Современная теория медиа склонна к чисто сциентистскому и техницистскому пониманию и описанию своего предмета. Это касается как художественных медиа, так и медиа в широком смысле слова, включая средства массовой коммуникации. Источником этой тенденции являются тексты Маршалла Маклюэна, который своим пониманием медиальной природы массовых коммуникаций обязан уже упомянутой теории модернистской живописи. Магическая формула «медиум есть сообщение» впервые появляется у Маклюэна в придаточном предложении, в контексте разговора о кубизме. В «Толковании медиа» (1964) Маклюэн пишет, что кубизм разрушил иллюзию трехмерности и исследовал методы, с помощью которых картина «передает наше сообщение». Тем самым кубизм позволил «понять и охватить медиум как целое». Далее Маклюэн заключает: «Этим приемом непосредственного, тотального охвата кубизм показывает, что медиум есть сообщение» [42] . Стало быть, радостное сообщение о сообщении медиума принадлежит не самому Маклюэну – оно принадлежит кубизму.
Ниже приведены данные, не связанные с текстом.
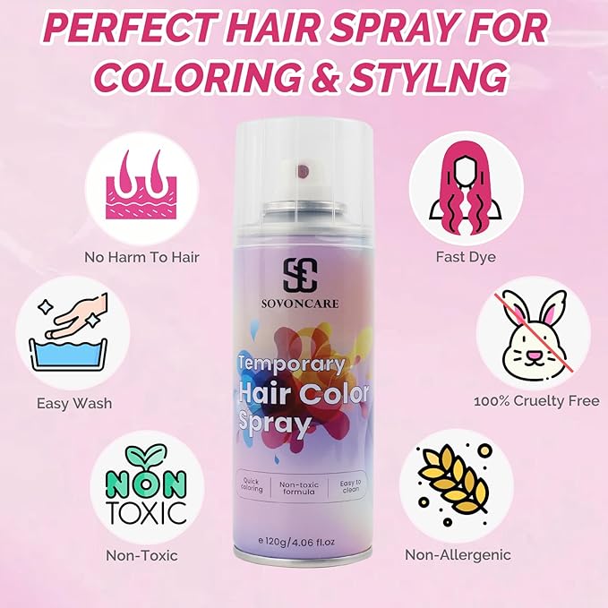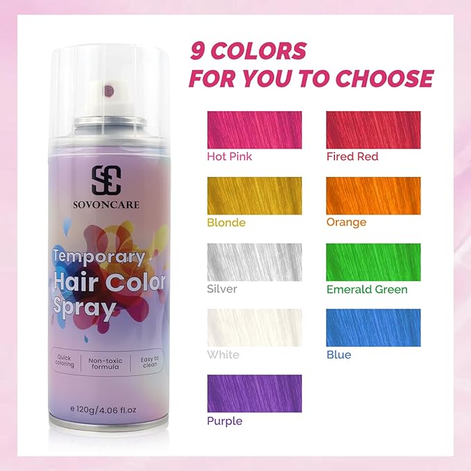 - Temporary Hair Color Spray:Transform your look in seconds with our temporary hair color spray.Cover gray hair, highlight, go bold with bright color, or even try an ombre hair color. Perfect for kids and adults who love to switch up their style!
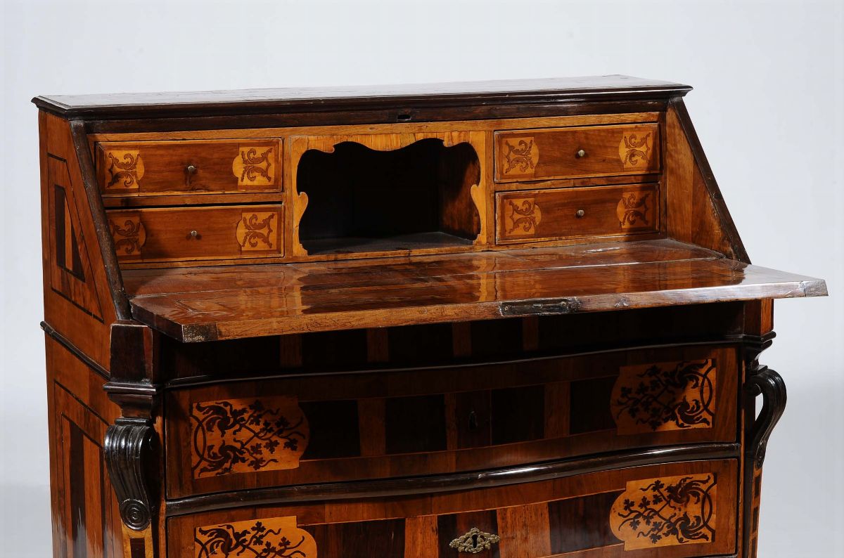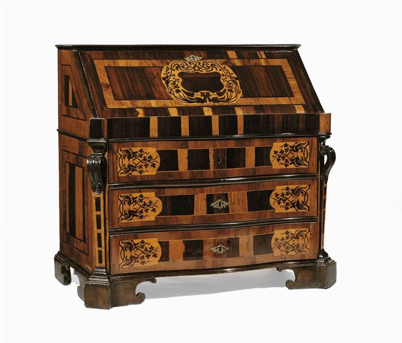 fronte mistilineo a tre cassetti separati da traverse e decorate da formelle delimitate da motivi di girali e volute fogliate, la calatoia, decorata da medaglione centrale, cela scarabattolo formato da quattro piccoli cassetti e vano a giorno centrale. Lesene angolari a doppia voluta, fascia di base modanata, piedi a mensola, cm 113x58x108

Но откуда, собственно говоря, Маклюэн знает, что кубизм передает именно сообщение медиума, а не какое-либо другое? В качестве непререкаемого академического авторитета Маклюэн приводит имя Эрнста Гомбриха [43] . Однако теория Гомбриха, в сущности, отличается куда меньшей ясностью формулировок, нежели, к примеру, теория уже упомянутого Клемента Гринберга, который во времена Маклюэна еще не обладал столь же непререкаемым авторитетом, как Гомбрих.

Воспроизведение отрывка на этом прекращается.